* [To do]
Write the lines out again, from the top of the material to the line containing "The biological dephosphatation", pictures excluded.

* [Recorded data]
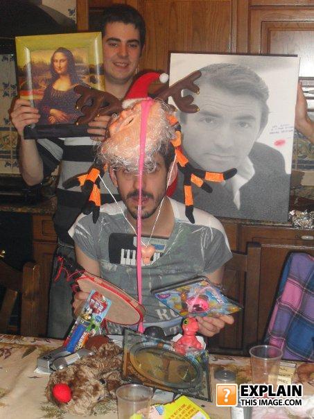 Yes, you too can post a picture to explainthisimage.com !!! Just pull together the most nonsensical arrangement of non-sensical paraphenalia that you can find into a single photo, post it online, and wait for the comments that explain your insanity!! And this guy gets an edge by working for the weird gadget store in the nearest mall, and "borrowing" as much as he can find one evening before his boss knows it's missing.
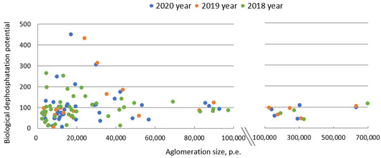 The biological dephosphatation potential indicator was calculated as a ratio of chemical oxygen demand and total phosphorus concentration (COD/TP) in the influents [21]. This indicator shows how P tends to be removed from wastewater during biological treatment. Values below 50 indicate that sufficient dephosphatation is unlikely to be achieved without additional chemical purification, such as the use of metal salts [34,35,36]. However, any introduction of additional chemicals may interfere with and adversely affect further processes, such as phosphorus recovery or other uses of sludge. Figure 9 shows that the characteristics of wastewater from the examined Lithuanian WWTPs are very different. Low COD/TP ratios, which complicate the biological treatment of phosphorus, are more common in smaller wastewater treatment plants.
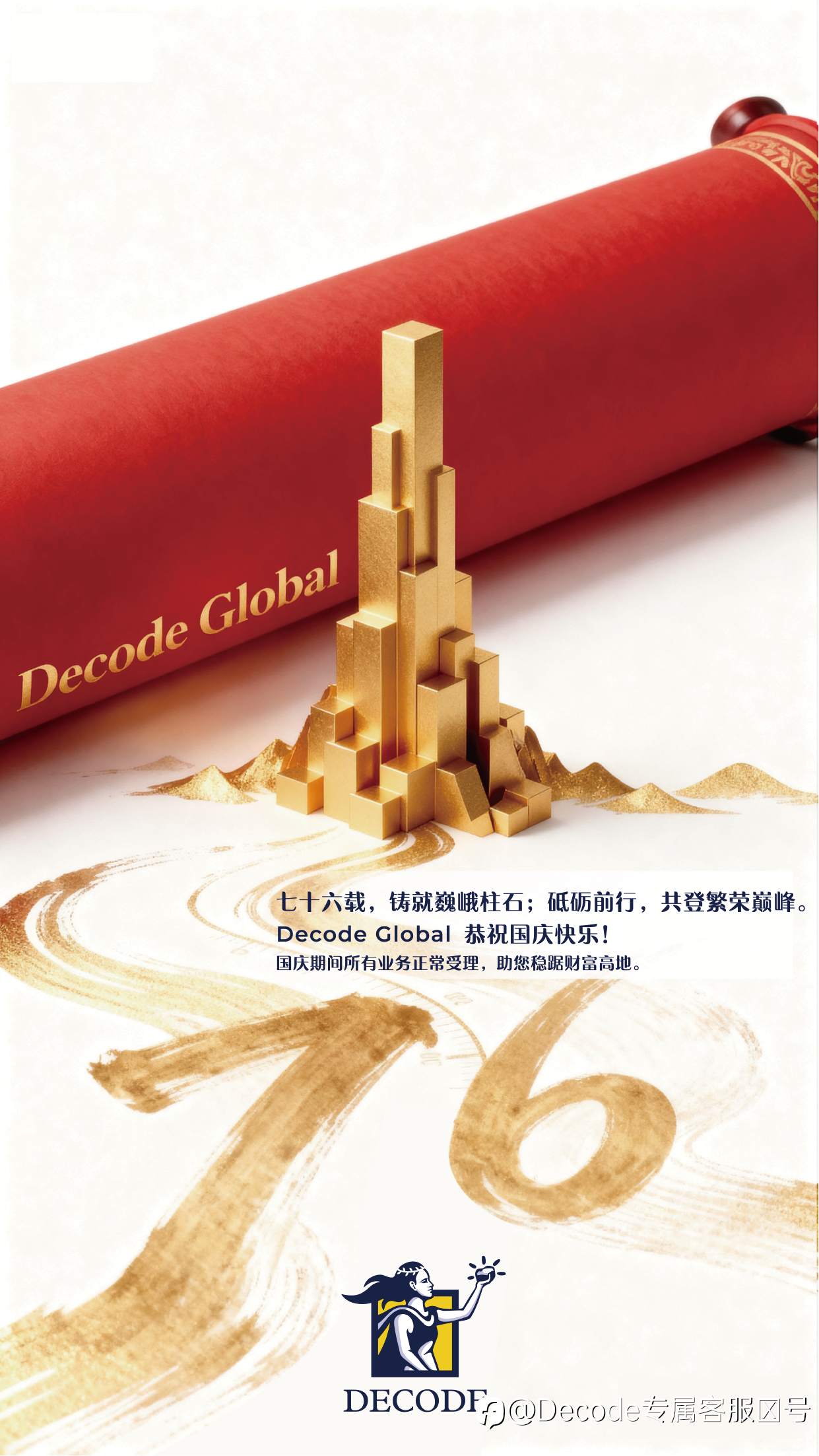 Decode Global —— —— 山河岁月,峥嵘鼎新 铸就巍峨柱石76年 同愿以21载金融之力,与您共绘东方传奇! Choose Better,Choose Decode ! 风险提示:本文所述仅代表作者个人观点,不代表 Followme 的官方立场。Followme 不对内容的准确性、完整性或可靠性作出任何保证,对于基于该内容所采取的任何行为,不承担任何责任,除非另有书面明确说明。

* [Exercise response]
 Yes, you too can post a picture to explainthisimage.com !!! Just pull together the most nonsensical arrangement of non-sensical paraphenalia that you can find into a single photo, post it online, and wait for the comments that explain your insanity!! And this guy gets an edge by working for the weird gadget store in the nearest mall, and "borrowing" as much as he can find one evening before his boss knows it's missing.
 The biological dephosphatation potential indicator was calculated as a ratio of chemical oxygen demand and total phosphorus concentration (COD/TP) in the influents [21]. This indicator shows how P tends to be removed from wastewater during biological treatment. Values below 50 indicate that sufficient dephosphatation is unlikely to be achieved without additional chemical purification, such as the use of metal salts [34,35,36]. However, any introduction of additional chemicals may interfere with and adversely affect further processes, such as phosphorus recovery or other uses of sludge. Figure 9 shows that the characteristics of wastewater from the examined Lithuanian WWTPs are very different. Low COD/TP ratios, which complicate the biological treatment of phosphorus, are more common in smaller wastewater treatment plants.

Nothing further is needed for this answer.